41.狼は銀月に吠える 6 ~クエスト準備~
その広場は一見すると何もない広場にしか見えなかった。
「これよりクエストの発生方法を説明します……と言っても、あの湖に近づけばクエストを受注するかどうかの選択肢が表示されるだけですが」
サブマスさんが苦笑交じりに説明する。
「クエストを受注したあとはパーティごとにインスタンスフィールドに飛ばされてウルフ種モンスターとの戦闘になります。我々の目的は、このクエストについて、少しでも多くの情報を集めることです。各パーティに1人は【看破】スキル持ちを入れているので、敵モンスターの情報は必ず確認してみるようにしてください。何か質問はありますか?」
そこからは質問タイムとなった。
質問された内容は、事前に教授が教えてくれた内容と一緒だった。
俺達が新しく知った内容としては『ウルフ種のモンスターは攻撃力が高いため後衛が狙われると危険』と言ったところか。

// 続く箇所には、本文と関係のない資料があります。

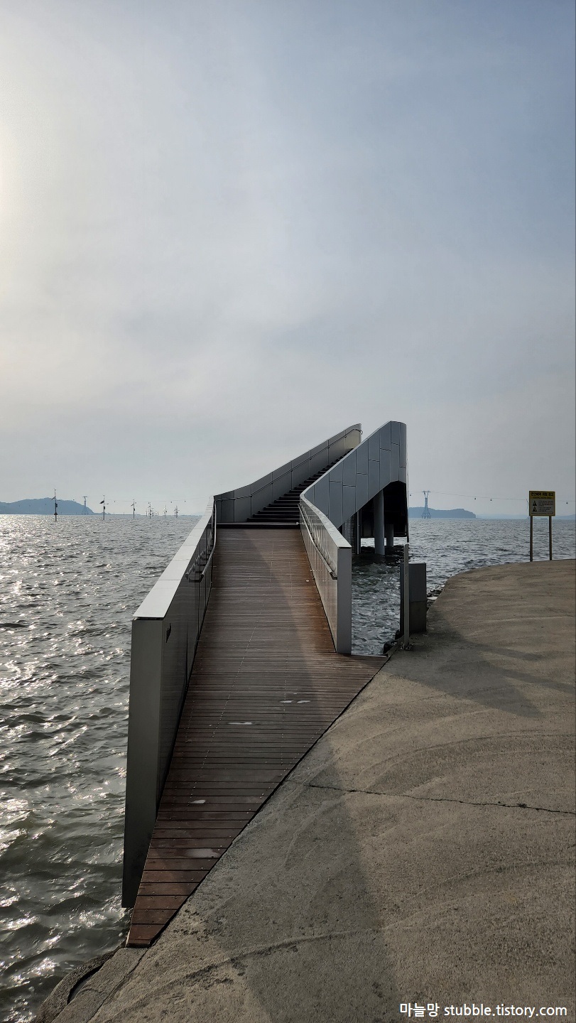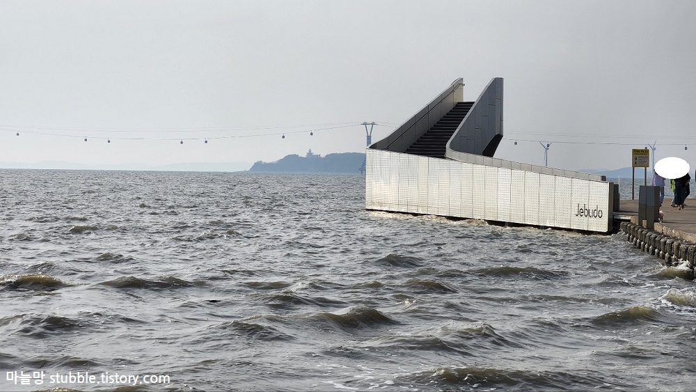 워터워크 정상에 올라 반댓쪽 사진을 한방 찍었습니다. 워터워크 정상까지 오르면, 반댓쪽에는 이렇게 내려가는 계단이 있고, 삼각존이 있습니다. 뒤가 유리로 되어 있어서 사진을 찍으면 제부도의 멋진 풍경을 담을 수 있어요. 특히 여기에서는 전곡항과 제부도를 오가는 서해랑 케이블카가 오가는 모습을 볼 수 있고, 그 뒤에는 탄도항 풍력발전기 3대도 함께 볼 수 있어요.

質問タイムが終わったあと、サブマスさんと入れ替わるように教授が前に出た。
「知らない者もいると思うので自己紹介させてもらうのである。私はクラン『インデックス』のマスター、教授である。気軽に『教授』と呼んでもらいたいのである」
自己紹介が終わったあと、教授は今回の遠征についての説明を始めた。
ここで説明するって事は、全員に詳しい説明はした訳じゃなかったんだな。
「今回の遠征目的は特殊クエスト「狼は銀月に吠える」の調査である。クエスト発生条件については調査済みであるので、皆には実際にクエストに挑んでもらい、情報を少しでも多く持ち帰ってもらいたいのである」
「おいおい、それは俺達に人柱になれって事か?」
そんな質問が参加者の中から出るが、
「言い方は悪いが、その通りである。往々にして検証作業などそういうものである。それから、このクエスト中に関しては、デスペナルティが発生しないようになっているので安心して挑んでほしいんである」
「俺達がウルフに負けた場合どうなるんだ?」
「湖のそばに転送されて終わりなのである。勝っても負けてもリスポーンポイントに戻されることはないので、安心してもらいたいのである」
ちっとも安心できるような要素がない言葉を教授は言い放つ。
その後も、説明を続ける教授に質問を投げかけるプレイヤーがいるが、その返答はあまり具体的な内容とは言えなかった。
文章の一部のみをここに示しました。